И сидел сейчас в пустой светлой гримерке без возможности вызвать абонента, который в край охренел и рисковал отклониться от предполагаемого времени. Иконка контакта, со смазанной фотографией того самого охреневшего, невероятно сильно мозолила глаза и своим существованием сводила большой палец правой руки, занесенный для отважного нажатия по экрану. Принципы не отступали тоже, и борьба длилась гордые десять секунд, пока Федор не прикрыл глаза, повторяя в мыслях свои последние слова, сказанные не так давно, тому самому охреневшему:
— Если тебя не будет ровно в пол десятого вечера в гримерке, я разорву все контракты к чертовой матери, отсужу у тебя половину твоих денег, отрежу волосы, а после волос отрежу голову, и поставлю в стеллаж с твоей дискографией.
… закурил сигарету, и после первой большой тяжки его совесть была чиста. Предупреждение было озвучено, условия свои он выполнил, до назначенного времени оставалось тринадцать минут; Федор знал, хоть одна минута, хоть одна секунда будет упущена, и его ярость будет обрушена на эту криво-косо адаптированную версию Джокера — он совершенно точно не промажет угольком сигареты и выжжет ему глаз. Тот, что темный, а голубой пусть остается.
Было бы вполне в его духе опоздать на пару минут, заблаговременно сбив на телефоне часы, и сыпать свои ехидные отмазки, просто из своей вредности и желания кого-нибудь взбесить ради собственного веселья — Гоголь такое любил. Но, неожиданно, появился в назначенном месте за рекордные пять минут. Непостижимо, думал он, как такое могло произойти?
Федор чуть ли не забыл о своих обидах, и даже хотел похвалить, но не успел.

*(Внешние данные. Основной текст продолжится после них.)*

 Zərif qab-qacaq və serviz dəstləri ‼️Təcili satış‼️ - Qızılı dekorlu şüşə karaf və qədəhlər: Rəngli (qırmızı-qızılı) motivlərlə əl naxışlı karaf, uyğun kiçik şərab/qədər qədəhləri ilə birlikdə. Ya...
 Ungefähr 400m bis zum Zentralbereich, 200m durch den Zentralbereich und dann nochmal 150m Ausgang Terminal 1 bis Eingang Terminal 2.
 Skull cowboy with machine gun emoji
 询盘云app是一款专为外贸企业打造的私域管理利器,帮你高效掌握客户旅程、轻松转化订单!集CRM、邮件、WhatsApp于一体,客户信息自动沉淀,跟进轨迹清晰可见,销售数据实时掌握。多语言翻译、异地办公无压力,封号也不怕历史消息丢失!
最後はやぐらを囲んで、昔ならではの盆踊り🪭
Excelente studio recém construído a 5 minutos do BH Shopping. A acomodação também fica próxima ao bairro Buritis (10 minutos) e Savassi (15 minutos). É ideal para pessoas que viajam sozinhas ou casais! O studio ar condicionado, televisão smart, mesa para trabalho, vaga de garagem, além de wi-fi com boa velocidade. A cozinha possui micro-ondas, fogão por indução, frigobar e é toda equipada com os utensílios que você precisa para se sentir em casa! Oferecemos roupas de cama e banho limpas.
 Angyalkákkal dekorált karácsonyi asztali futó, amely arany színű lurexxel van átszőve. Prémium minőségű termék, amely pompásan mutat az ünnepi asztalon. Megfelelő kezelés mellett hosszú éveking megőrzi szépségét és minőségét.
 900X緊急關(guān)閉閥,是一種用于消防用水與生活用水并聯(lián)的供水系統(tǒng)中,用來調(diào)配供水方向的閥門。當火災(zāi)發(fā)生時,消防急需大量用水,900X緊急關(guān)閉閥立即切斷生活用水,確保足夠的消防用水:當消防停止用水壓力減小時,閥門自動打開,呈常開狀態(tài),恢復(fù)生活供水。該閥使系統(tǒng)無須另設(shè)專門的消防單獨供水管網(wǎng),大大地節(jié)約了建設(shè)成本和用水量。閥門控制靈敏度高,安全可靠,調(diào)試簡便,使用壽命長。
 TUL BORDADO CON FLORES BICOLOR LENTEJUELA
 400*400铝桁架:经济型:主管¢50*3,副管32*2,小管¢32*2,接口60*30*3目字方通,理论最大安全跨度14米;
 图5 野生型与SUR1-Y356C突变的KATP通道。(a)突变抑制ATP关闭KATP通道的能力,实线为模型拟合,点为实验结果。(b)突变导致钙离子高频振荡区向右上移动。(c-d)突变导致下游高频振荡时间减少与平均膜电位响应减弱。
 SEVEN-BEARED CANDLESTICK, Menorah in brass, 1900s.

Дверь еле слышно открылась (не прикрытая на защелку), в проеме блеснула растрепанная челка одиннадцатого оттенка ультраблонд, неожиданно заломились руки куда-то к голове, а зашедший резко развернулся и исчез, захлопнув с оглушающим грохотом за собой дверь.

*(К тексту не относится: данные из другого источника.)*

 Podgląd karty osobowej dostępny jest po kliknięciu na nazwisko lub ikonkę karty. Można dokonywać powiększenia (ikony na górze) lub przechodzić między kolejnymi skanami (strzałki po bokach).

Федор, оторвавший голову от телефона с открытым бизнес-аккаунтом, сидел как вкопанный, не в силах даже обозначить как-то это поведение. Целую вечность он пронизывал дверь нечитаемым взглядом, пока в гримерке не приглушился свет. Спустя некоторое время дверь снова распахнулась и Николай вошел нормально, ну, насколько ему позволял его привычный образ. В правом углу мигало время: двадцать восемь минут десятого, а Достоевский даже немного огорчился. Сигарета зашипела, задушенная об стекло неглубокой пустой пепельницы.
— Хаю-хай, токсик, — высокий певческий голос (Федор, откровенно, сейчас не хотел слышать этот голос где-то, кроме песен) звучал пренебрежительно-весело, пока Гоголь вышагивал в полумрак большого помещения — до этого он покопался в щитке неподалеку, и теперь светили только неяркие лампочки у зеркала, и в комнате даже можно было находиться — не удержался от нескольких радостных прыжков вокруг себя. Иногда с ним такое случалось: он без причины делал что-то импульсивное, не в силах себя остановить, а иногда причиной была какая-то приятная мелочь, которая показалась Гоголю огромным счастьем.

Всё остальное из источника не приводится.